The Night Journal by Elizabeth Crook has me asking a lot of questions about the telling of our story.
Here's a synopsis from the back cover:
Meg Mabry has always felt oppressed by her family's legendary past. In the 1890's her great-grandmother Hannah Bass wrote revealing diaries of her life on the southwestern frontier, Hannah's daughter published these accounts, creating an American literary landmark, and cementing her career as a renowned historian in the process.
Meg, however, in rebellion against the imperious Bassie, has refused until now to read her great-grandmother's journals. But when the elderly Bassie returns to New Mexico, Meg concedes to accompany her–and soon everything they believed about the family is turned upside down.

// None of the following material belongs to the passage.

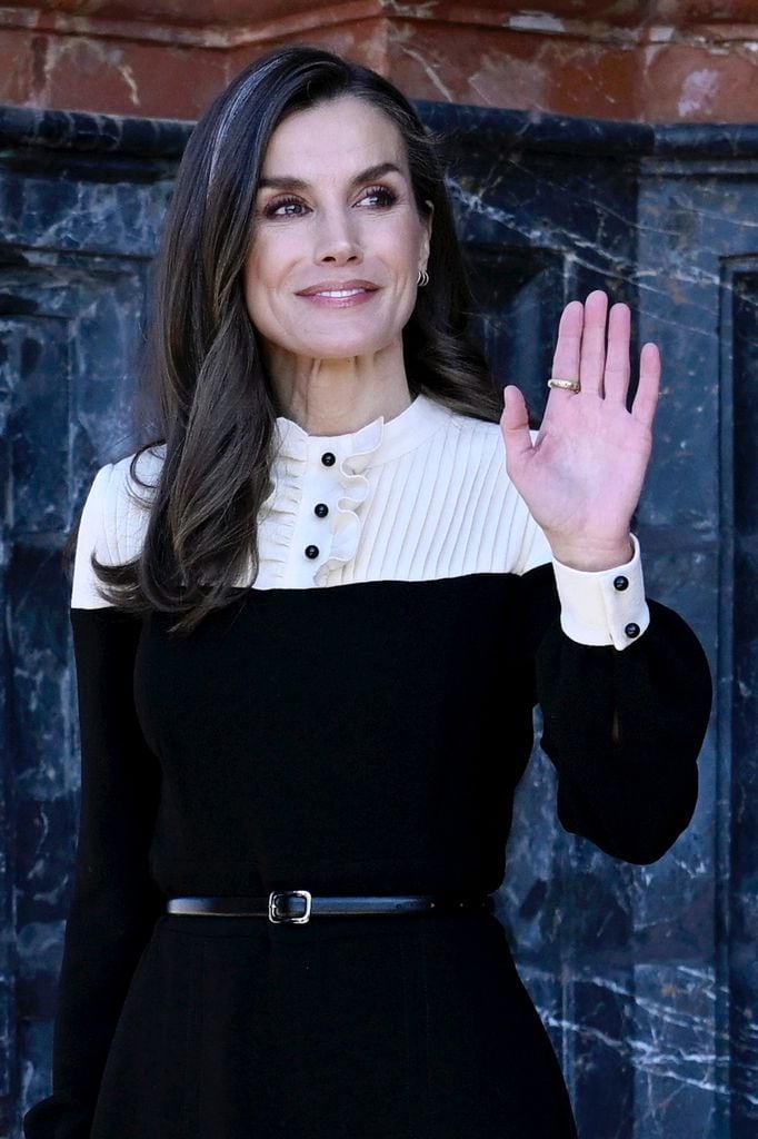 En Madrid, llegado enero de 2024, la Reina dio la vuelta al estilismo, sustituyendo el calzado por uno más ligero, sus salones de tacón kitten negros, de PINKCHICguagua, y su cinturón fino, por uno más ancho, de Hugo Boss. Respecto a sus joyas, eligió ese día unos pendientes con forma de lágrima que tiene desde 2014 y que también ha llevado la princesa Leonor.

Some observations, and many, many questions:
1) It had never occurred to me that one could be oppressed by a family's legendary past given that the past of my family isn't legendary.
Does this mean that if we ‘tell the story' of achieving our dreams, our daughters will view this story as a burden rather than a gift?
2) As a follow-on, because my college degree is from a 2nd-tier university, it hadn't occurred to me that someone with an MBA from one of the world's foremost universities could feel pressure, as does one of my girlfriends, to make something of her life.
When our dream doesn't directly build on our own impressive past, will we give ourselves permission to pursue our dream, trusting that our seemingly unrelated skills will eventually come into play?
3) As The Night Journal unfolds, we find that Hannah Bass' legendary past was only part of the story. The Night Journal is the proverbial ‘rest of the story.' It is only when Meg learns the whole story, the true story, that Hannah's story becomes a gift.
With the proliferation of blogs, do we risk telling a story that is so glammed up that our posterity will fail to know our true story?
As we give voice to our experiences, they do gain power, but do they influence lives for good or ill? Inspire or oppress?